Citation461 N.Y.S.2d 876,93 A.D.2d 50
PartiesIn the Matter of Martin T. CAREY, Petitioner, v. Donald KITSON, as acting Judge of the County Court of Suffolk County, Respondent.
Decision Date04 April 1983
CourtNew York Supreme Court Appellate Division

Andrew M. Lawler, P.C., New York City (Moses Silverman, Kenneth Roth and Paul, Weiss, Rifkind, Wharton & Garrison, New York City, of counsel), for petitioner.

Robert Abrams, Atty. Gen., New York City (John Michael Ryan, Asst. Atty. Gen., New York City, of counsel), for respondent.

Before LAZER, J.P., and MANGANO, THOMPSON and WEINSTEIN, JJ.

PER CURIAM.

In this original proceeding pursuant to CPLR article 78, petitioner seeks to, inter alia, prohibit respondent from trying him under Indictment Number 3131/81 on the ground that he had been granted immunity from prosecution based on his testimony before a Suffolk County Grand Jury in April, 1980 "directly relating to the transactions charged in the indictment".
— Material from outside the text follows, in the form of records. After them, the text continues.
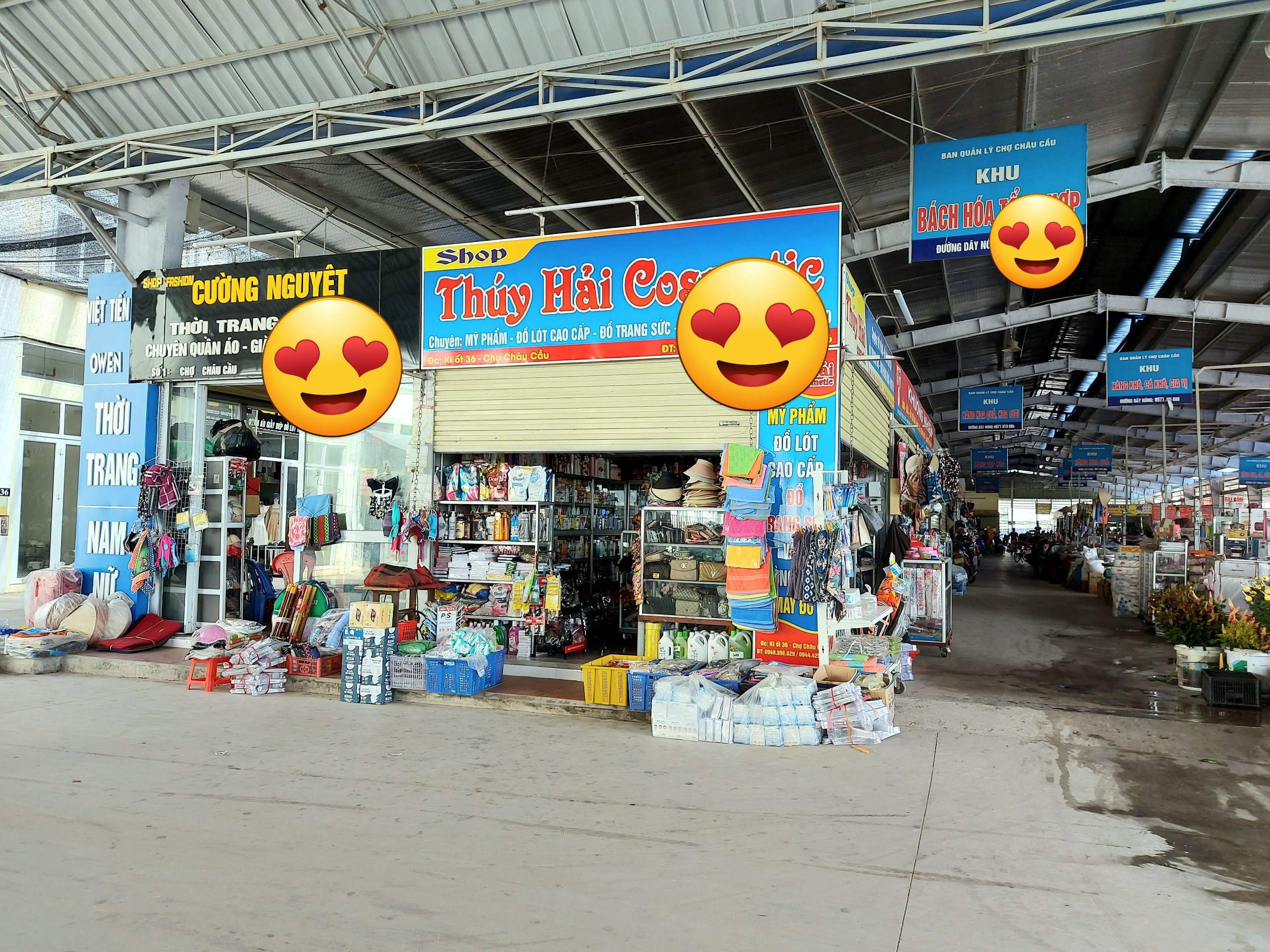 Khu chợ ngoài trời, quầy chợ và sạp hàng đã lấp đầy, tiểu thương buôn bán tấp nập. Pháp lý rõ ràng. Chợ có đến 6 cổng ra vào container đi đánh võng.
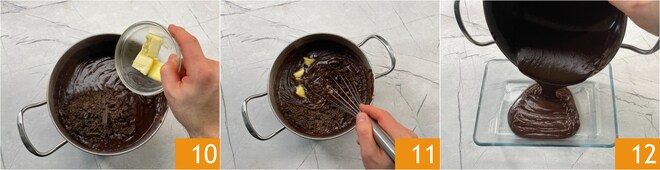 Adicione também a manteiga em pedaços 10, depois misture bem até que esteja completamente derretida 11. Neste ponto, transfira o creme para uma travessa grande e deixe esfriar um pouco 12.
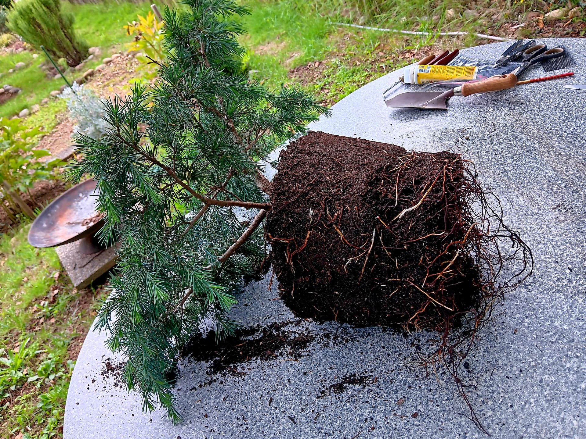 C’est vrai que tu as laissé beaucoup de racines, mais mieux vaut trop que pas assez car on préfère un arbre vivant avec un racinaire à re-travailler 2 ans plus tard, qu’un arbre mort.
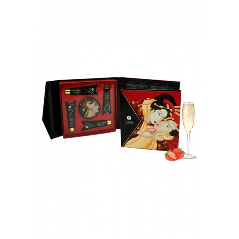 Zestaw marki Shunga do masażu erotycznego o smaku musującego wina truskawkowego.
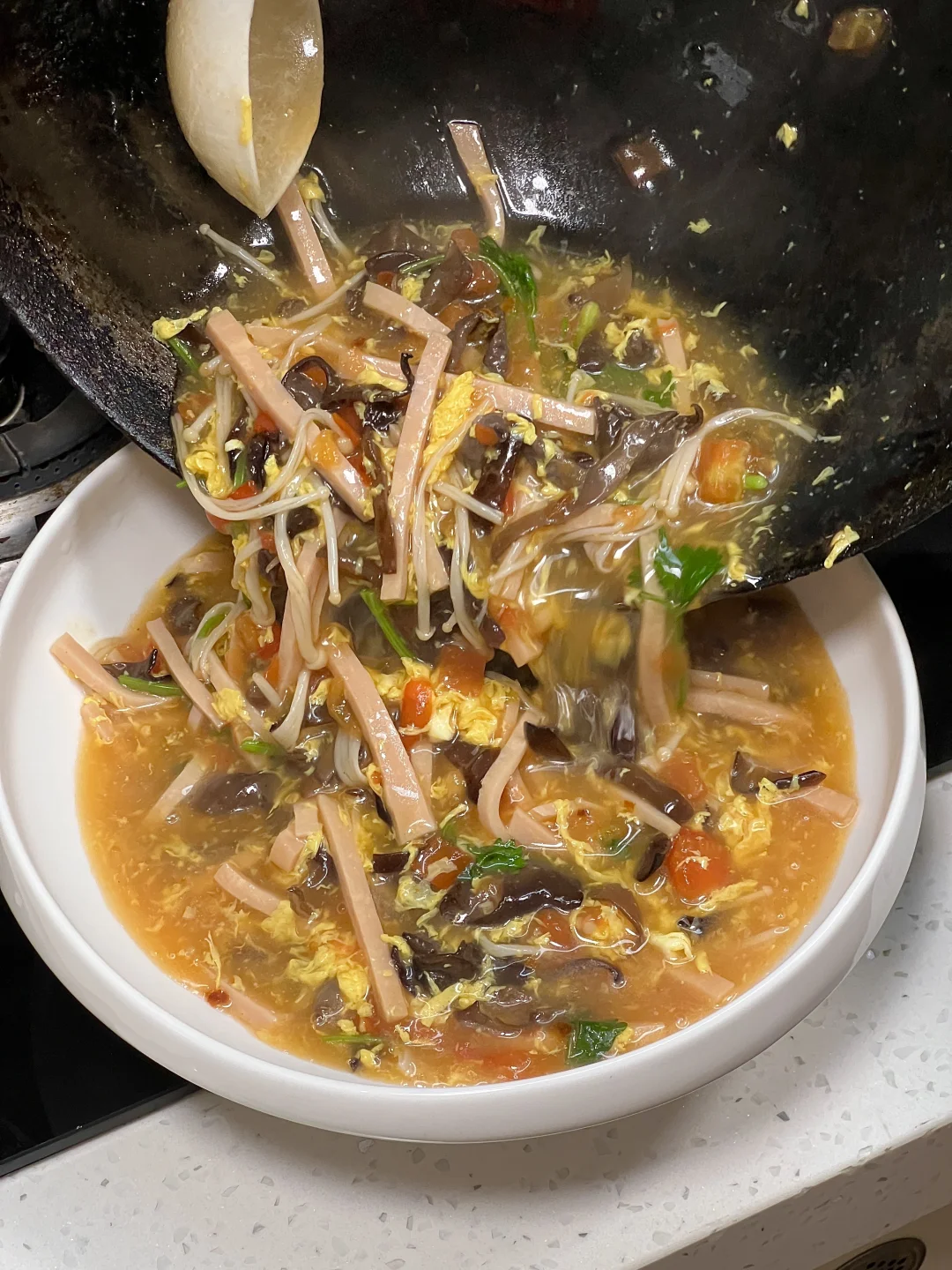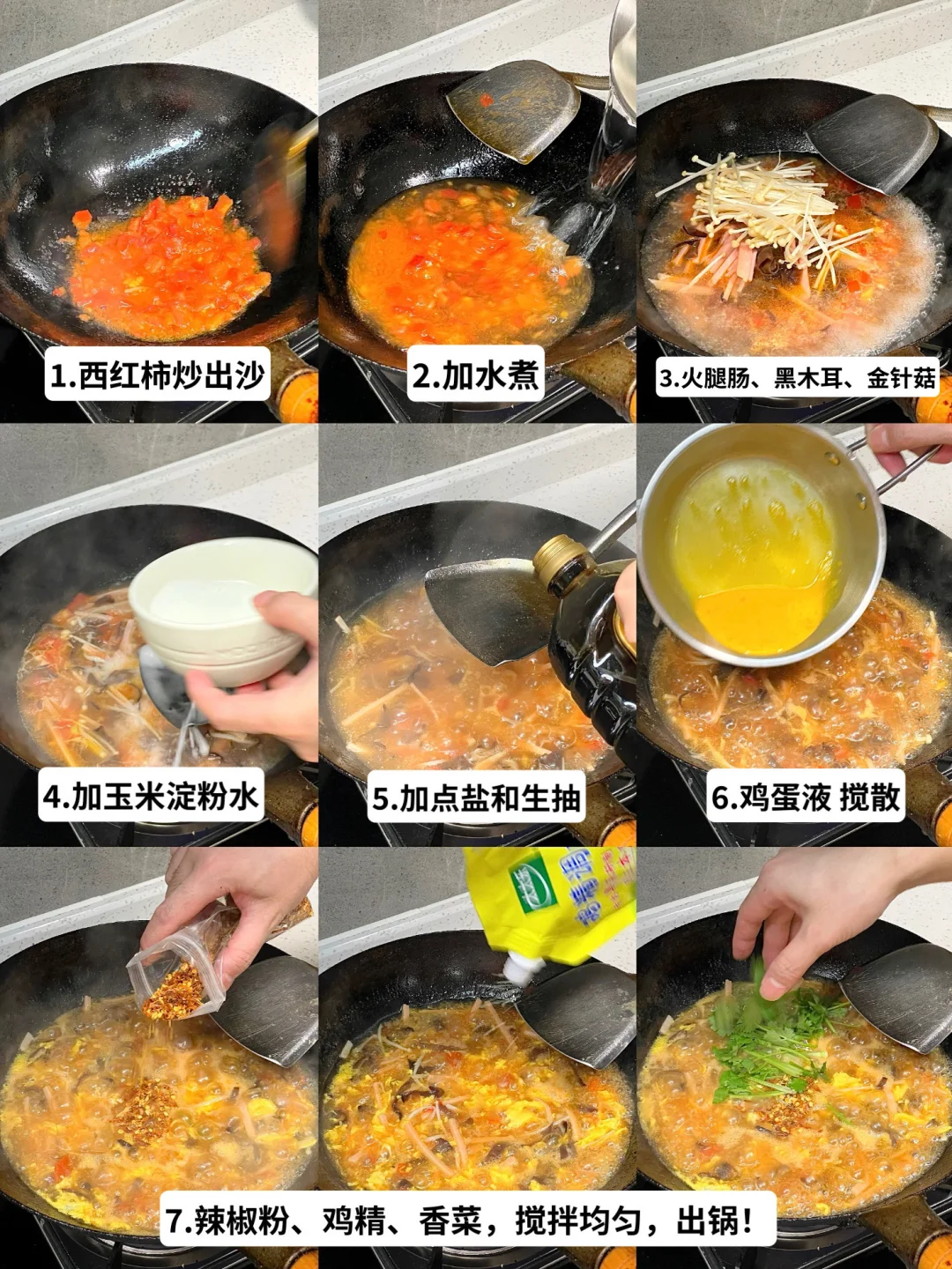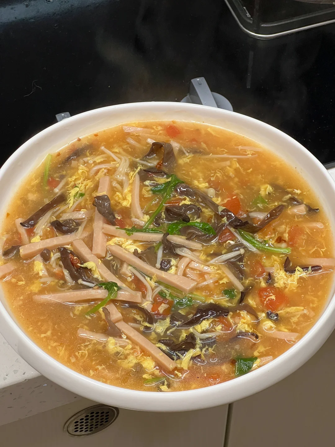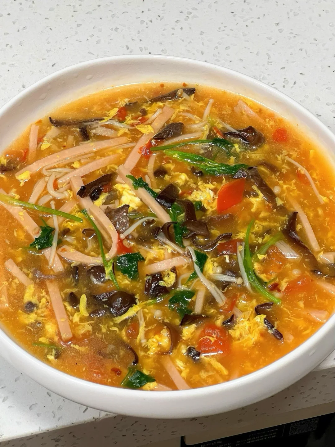汤汁浓郁,开胃解腻 本江西人第一次喝,一口气干了两碗[赞R][赞R] 📝食材准备 西红柿|金针菇|黑木耳|火腿肠|香菜|鸡蛋 (大家可以根据个人喜爱调整,加点虾仁、豆腐啥的也行) 🧑🏻🍳做法简单 1.西红柿去皮切碎,油热下西红柿炒出沙,加水煮沸腾 2.火腿肠、黑木耳、金针菇下锅煮 3.适量玉米淀粉水勾芡 4.加点盐和生抽搅拌均匀 5.淋入鸡蛋液 6.辣椒粉、香菜、鸡精,搅拌均匀 出锅!! (喜欢胡椒味的可以多加点黑胡椒) 减脂低卡又饱腹的酸辣汤 重点!做起来还简单好喝 大家快去做!!

The two issues to be resolved on this proceeding are as follows:

(1) Can petitioner's claim of transactional immunity be raised in an original proceeding under CPLR article 78 for a writ of prohibition? and if it can,

(2) Did petitioner's testimony before the Suffolk County Grand Jury confer upon him immunity from prosecution for sales tax evasion and filing false sales tax returns as charged in the instant indictment?

I

In 1980 the District Attorney of Suffolk County convened a Grand Jury to investigate allegations concerning the Vantage Oil parkway gas stations. In connection with that investigation, the Suffolk County District Attorney issued a subpoena duces tecum directing petitioner, Martin Carey, to produce before the Grand Jury numerous books and records of petitioner's company, Petroleum Combustion International Inc. (hereinafter PCI), which operated gas stations on Long Island.

In addition to this subpoena duces tecum, the Grand Jury issued a subpoena ad testificandum directing petitioner to appear and give testimony. Petitioner appeared and testified to PCI's sales volume, his knowledge of that volume, his involvement in PCI's operation and his knowledge of PCI's financial situation. Specifically, the Grand Jury proceeding included the following questions and answers:

"Q. Are you familiar with P.C.I. Corporation?

"A. Yes, I am.

"Q. What does P.C.I. stand for?

"A. Petroleum Combustion International, Inc.

* * *

* * *

"Q. What was your relationship to that business?

"A. I was the President of it from its inception.

"Q. What type of business was it in?

"A. It went into the business of operating gasoline stations.

"Q. Did you know Dick McKay, at that time? (phonetic spelling).

"A. Yes.

"Q. Who did you know him to be?

"A. He was also employed by the company and had a versatile capacity, as well.

* * *

* * *

"Q. If you could, roughly, what was the amount of gasoline, per year, that was pumped by or supplied by P.C.I. to both its own stations and the lease holders?

"A. Well, depending upon the month of the year, on a yearly basis, I would assume that maybe in 1977 the total gallonage might be somewhere around 7 to 8 million gallons.

* * *

* * *

"Q. Was there any difficulties that P.C.I. was experiencing in that time [in 1977]?

"A. We had been experiencing difficulty for a period of time, previous to that.

"Q. Is it fair to say that the only credit line that existed for P.C.I. was with Vantage Petroleum Corporation?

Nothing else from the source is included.